Data for analysis:

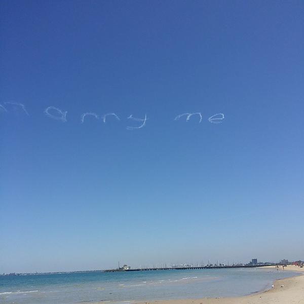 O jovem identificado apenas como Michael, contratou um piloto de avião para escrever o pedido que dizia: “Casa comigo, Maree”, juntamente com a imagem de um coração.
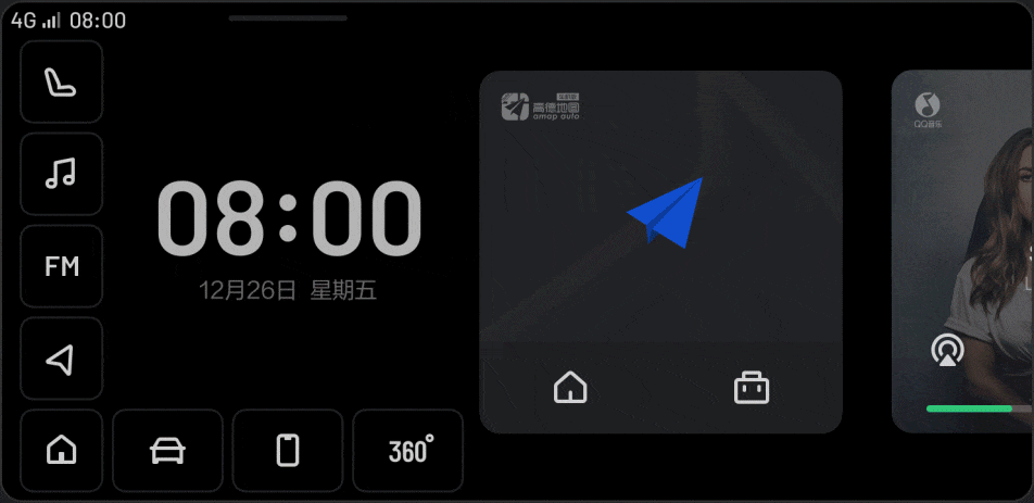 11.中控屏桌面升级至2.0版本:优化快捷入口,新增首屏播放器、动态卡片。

* * *

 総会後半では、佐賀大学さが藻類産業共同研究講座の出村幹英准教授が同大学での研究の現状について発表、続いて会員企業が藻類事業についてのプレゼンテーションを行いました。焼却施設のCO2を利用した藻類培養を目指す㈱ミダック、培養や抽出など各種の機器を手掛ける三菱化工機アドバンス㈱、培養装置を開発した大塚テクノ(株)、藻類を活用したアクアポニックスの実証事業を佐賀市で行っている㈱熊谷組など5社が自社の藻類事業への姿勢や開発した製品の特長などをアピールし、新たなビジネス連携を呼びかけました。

What to work on:
In the listing above, find the line containing "O jovem identificado" and the line containing "11.中控屏桌面升级至2.0版本:优化快捷入口,新增首屏播放器、动态卡片。", then output those two lines and everything between them exactly as written, without the images.

Exercise output:
 O jovem identificado apenas como Michael, contratou um piloto de avião para escrever o pedido que dizia: “Casa comigo, Maree”, juntamente com a imagem de um coração.
 11.中控屏桌面升级至2.0版本:优化快捷入口,新增首屏播放器、动态卡片。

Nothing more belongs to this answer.